Shakuntala perempuan yang selektif sekali pada cowok dalam hal seks karena
ia telah berkali-kali mengalaminya.

Namaku Shakuntala. Ayah dan kakak perempuanku menyebutku


sundal.
Sebab aku telah tidur dengan beberapa lelaki dan beberapa perempuan.
Meski tidak menarik bayaran. Kakak dan ayahku tidak menghormatiku.
Aku tidak menghormati mereka.
Sebab bagiku hidup adalah menari dan menari pertama-tama adalah
tubuh. Seperti Tuhan baru meniupkan nafas pada hari keempat puluh
setelah sel telur dan sperma menjadi gumpalan dalam rahim, maka ruh
berhutang kepada tubuh.
Tubuhku menari. Sebab menari adalah ekslorasi yang tak habis-habis
dengan kulit dan tulang-tulangku, yang dengannya aku rasakan perih,
ngilu, gigil, juga nyaman. Dan kekal ajal.
Tubuhku menari. Ia menuruti bukan nafsu melainkan gairah. Yang
sublime. Libidinal. Labirin (Saman, 2010: 118-119).
Begitulah pengarang mendeskripsikan tokoh yang membuat pembaca penasaran
akan kelanjutannya. Hanya satu tokoh yang selalu penasaran tapi membawa
semua tokoh untuk terlibat penasaran juga.

Daftar Pustaka

Nurgiyantoro, Burhan. 2010. Teori Pengkajian Fiksi. Yogyakarta: Gadjah

Mada University Press.


Kutipan dalam novel saman

Di perjalanan pulang dia bilang, sebaiknya kita tak usah berkencan lagi
(saya tidak menyangka). Saya sudah punya istri.
Saya menjawab, saya tak punya pacar, tetapi punya orangtua. Kamu
tidak sendiri, saya juga berdosa.
Ia membalas., bukan itu persoalannya. Orang yang sudah kawin, tidak
bisa tidak begitu.
Saya mengerti. Meskipun masih perawan (Saman, 2010: 4).

Esoknya dia telah menghilang. Barangkali ke lautan, barangkali ke


hutan, tempat para pemilik modal menambang uang dari minyak yang
ditimbun alam dalam lekuk-lekuk antiklinak. Barangkali ke sebuah rig
yang pernah saya datangi, tempat kami pertama bertemu, yang lautnya
membuat kita merasa akan tenggelam, dan bintang-bintang di langitnya
membuat kita merasa akan tersesat. Seperti saya tersesat akan mencari
jejaknya.
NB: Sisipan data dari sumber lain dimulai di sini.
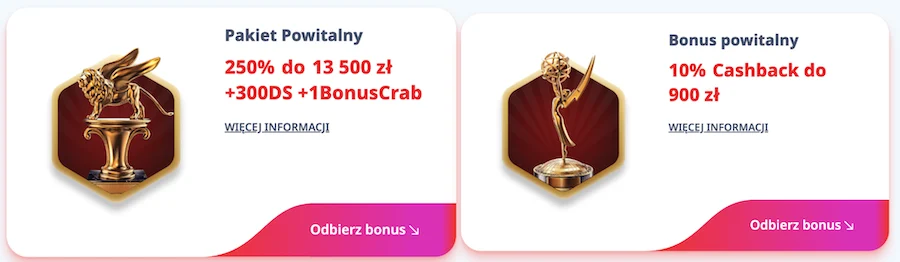 Wartość całego pakietu powitalnego to 250% do 13 500 zł + 300 FS + 1 Bonus Crab:

Berbulan-bulan barangkali lima. Hingga suatu hari, tiba-tiba saja
dia kembali menelopon saya di tempat kerja (Saman, 2010: 5).
Kenapa kamu tidak pernah menelepon saya lagi, katanya. Saya mencoba
tapi kehilangan jejak, saya jawab. Saya masih di sini, terdengar suaranya.
Dan saya berdebar, entah kenapa, barangkali karena ia sedang di Jakarta
(Saman, 2010: 5).

Seorang laki-laki seperti diamestinya menikah dengan perawan yang


manis, tetapi dia mengawini seorang janda beranak satu, anak perempuan.
Suatu hari, di sebuah restoran, ketika kami sedang bertemu, dia seperti
mengeluh kepada saya. Saya tahu. Kamu akan menunggu sampai muncul
bayi lelaki? Ia menggeleng. Istriku, agaknya, tidak bisa hamil lagi. Lalu
dia bercerita tentang semacam kista yang mengganggu di kedua indung
telur istrinya. Saya Cuma menjawab: Oh (Saman, 2010: 26).
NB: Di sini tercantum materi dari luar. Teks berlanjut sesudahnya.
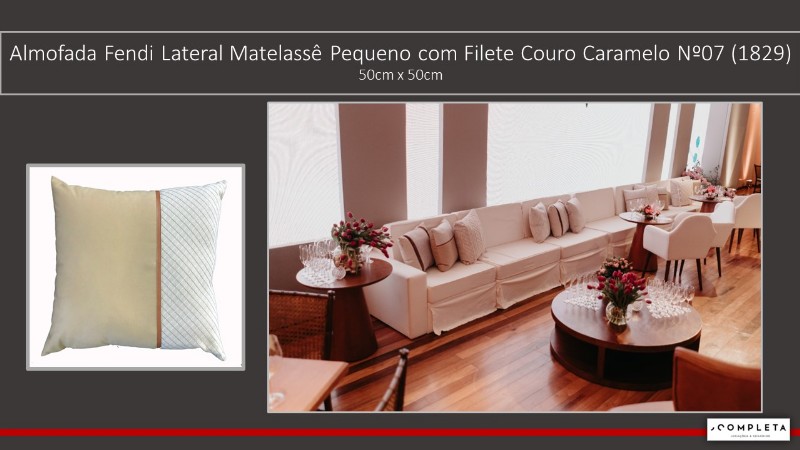 Almofada Fendi Lateral Matelassê Pequeno com Filete Couro Caramelo Nº07

Tapi aku tidak bisa menahan alasan untuk Laila memaafkan Sihar
terlalu cepat, seperti yang biasa ia lakukan di Jakarta. Seharusnya dia
memberi kabar. Kamu kan sudah kasihan alamatku. Apa susahnya
menelepon? (Saman, 2010: 124)
Tapi tidak. Laki-laki itu tidak menghilang begitu saja. Ia muncul tiba-
tiba, seperti bocah pemain layang-layang yang tahu bahwa angin barat
mulai surut dan kupu-kupu kertas itu perlu dihidupkan lewat gelasannya. Ia
akan menelepon lagi tatkala Laila telah gagal menghubunginya. Lalu
membikin janji bertemu, tetapi pada saat-saat akhir dibatalkan dengan
alasan yang selalu ada tiba-tiba. Lalu tertinggal temanku dengan kangen
yang telah disentuh hingga bangkit (Saman, 2010: 135).